If you're operating in one of the major clouds, integrating with their KMSs can provide seamless operation. This makes Sops an essential tool for those working with Kubernetes and other deep tech knowledge areas.

Secret Management Systems (SMSs) vs Key Management Systems (KMSs)

Both cloud services that handle different aspects of data security.

SMSs provide an API for storing and accessing secrets, with granular and configurable access control. The secrets are encrypted transparently for the user, eliminating the need for the user to manage this aspect.

On the other hand, KMSs are not databases for secure data but focus on the discovery and storage of encryption keys. These keys can be used to encrypt data outside of a KMS. A good example of a KMS is the GnuPG keyserver.

Each leading cloud provider offers both SMSs and KMSs, and if you're using one of the major cloud services, you'll also benefit from good integration with its identity management for defining and assigning access rules to SMS- and KMS-managed data.

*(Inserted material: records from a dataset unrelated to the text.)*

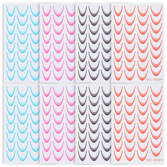 380 Pcs French Tips Nail Stickers, 8 Sheets Self-Adhesive Gradient Orange Black Rose Blue French Tips for Women Girls, 2025 Spring French Tip Nail Stickers Trendy Designs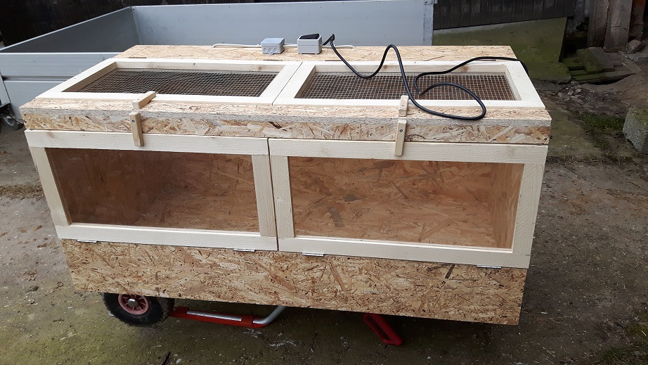 Die Küken schlüpfen vorausichtlich am Osterwochenende . Eigentlich wollt ich ja auch so ein Terrarium , hatte aber leichte Bedenken das es rechtzeitig da ist . Und etwas billiger war der Selbstbau auch.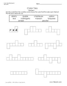 In this word shape worksheet, students use the color word key to help them fit the word inside the tiles. Students spell the words ebony, purple, chartreuse, yellow, red, mahogany, maroon, turquoise, amber, and pewter.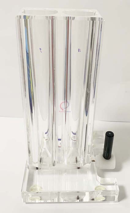 梯度混合儀能使盛放濃縮、稀釋溶液的兩杯液位保持平衡?兩杯溶液混合速度以及輸出流量均可調(diào)節(jié)?且可做出各種不同斜率的線形梯度。使用時接近出口的杯體盛放低濃度的液體,遠離出口的杯體盛放高濃度的液體。與多板制膠器配合使用時,比如制作4-20%梯度膠時,接近出口的放4%的溶液,遠離出口的放20%的溶液。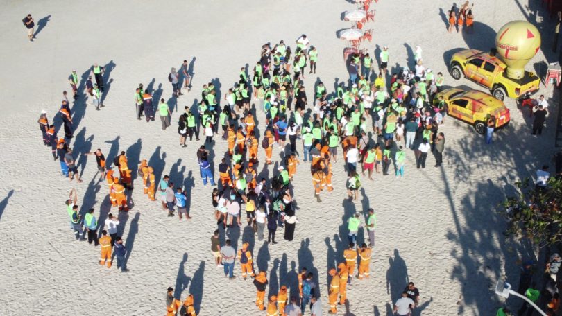 O grupo teve apoio de 10 caminhões, 12 máquinas e uma equipe técnica de limpeza com mais de 200 pessoas, além do suporte de coleta seletiva com a Cooperativa de Catadores Coco&Cia.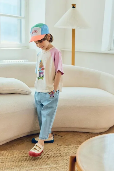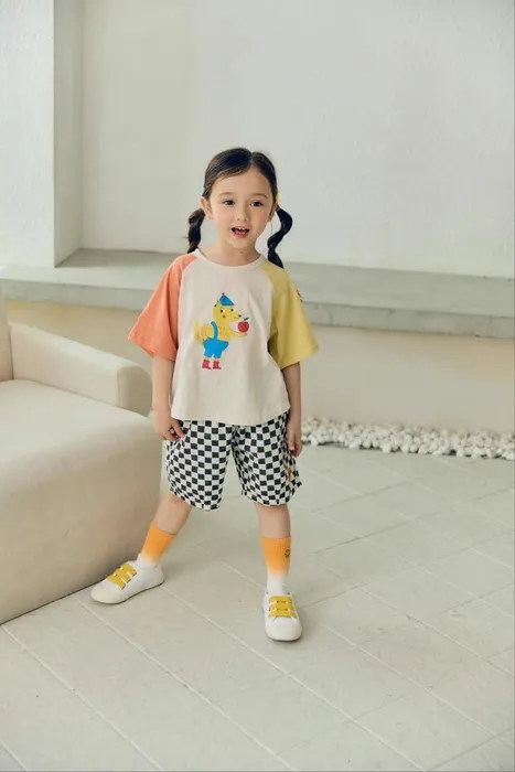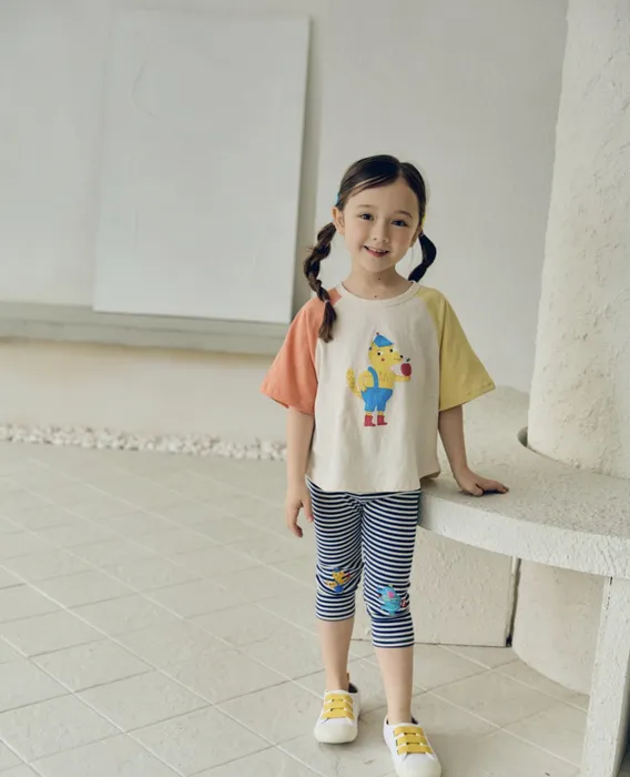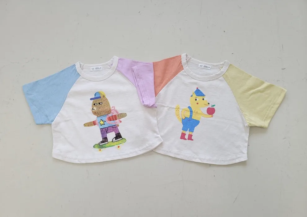 撞色袖非常可愛 搭配大卡通圖案 活力十足非常適合夏天

Centralized Secret Management

While secrets are made as secure as possible, they can still be read by any administrator with cluster-wide read access. This could potentially be a security concern depending on the trust relationship with cluster operators and specific security requirements.

An alternative to this is to keep the secure information outside the cluster in an external Secret Management System (SMS) and request confidential information on demand over secure channels. There are many such SMSs available, and each cloud provider offers its own variant. The focus here is not on the individual offerings of these systems, but on how they integrate into Kubernetes.

Secrets Store CSI Driver

The Secrets Store CSI Driver is a Kubernetes API that allows access to various centralized Secret Management Systems (SMSs) and mounts them as regular Kubernetes volumes. Unlike a mounted Secret volume, nothing is stored in the Kubernetes etcd database but securely outside the cluster. This driver supports the SMS from major cloud vendors (AWS, Azure, and GCP) and HashiCorp Vault.

The setup for connecting a secret manager via the CSI driver involves some administrative tasks:

Installing the Secrets Store CSI Driver and configuration for accessing a specific SMS: Cluster-admin permissions are required for the installation process
Configuring access rules and policies: This results in a Kubernetes service account being mapped to a secret manager-specific role that allows access to the secrets

After the setup, you must define a SecretProviderClass, where you select the backend provider for the secret manager and add the provider-specific configuration.

While the setup for a CSI Secret Storage drive is complex, its usage is straightforward, and it allows you to avoid storing confidential data within Kubernetes.

However, there are more moving parts than with Secrets alone, so more things can go wrong, and it's harder to troubleshoot.

Pod injection

There are different methods for an application to access external Secret Management Systems (SMSs):

Direct Access: The application can directly access the SMS via proprietary client libraries. However, this method requires storing the credentials along with the application and adds a hard dependency on a specific SMS
Container Storage Interface (CSI) Abstraction: The abstraction allows secret information to be projected into volumes visible as files for the deployed application, providing a more decoupled approach
Init Container: An Init Container fetches confidential data from an SMS and copies it to a shared local volume that is mounted by the application container. The secret data is fetched only once before the main container starts
Sidecar: A Sidecar syncs secret data from the SMS to a local ephemeral volume accessed by the application. This method allows for updating secrets locally if the SMS rotates them

HashiCorp Vault Sidecar Agent Injector implemented as a mutating webhook, it modifies any resource when it's created based on specific vault-specific annotations in a Pod specification. This technique is entirely transparent to the user and has fewer moving parts than hooking up a CSI secret storage volume with the provider deployment for a particular SMS product.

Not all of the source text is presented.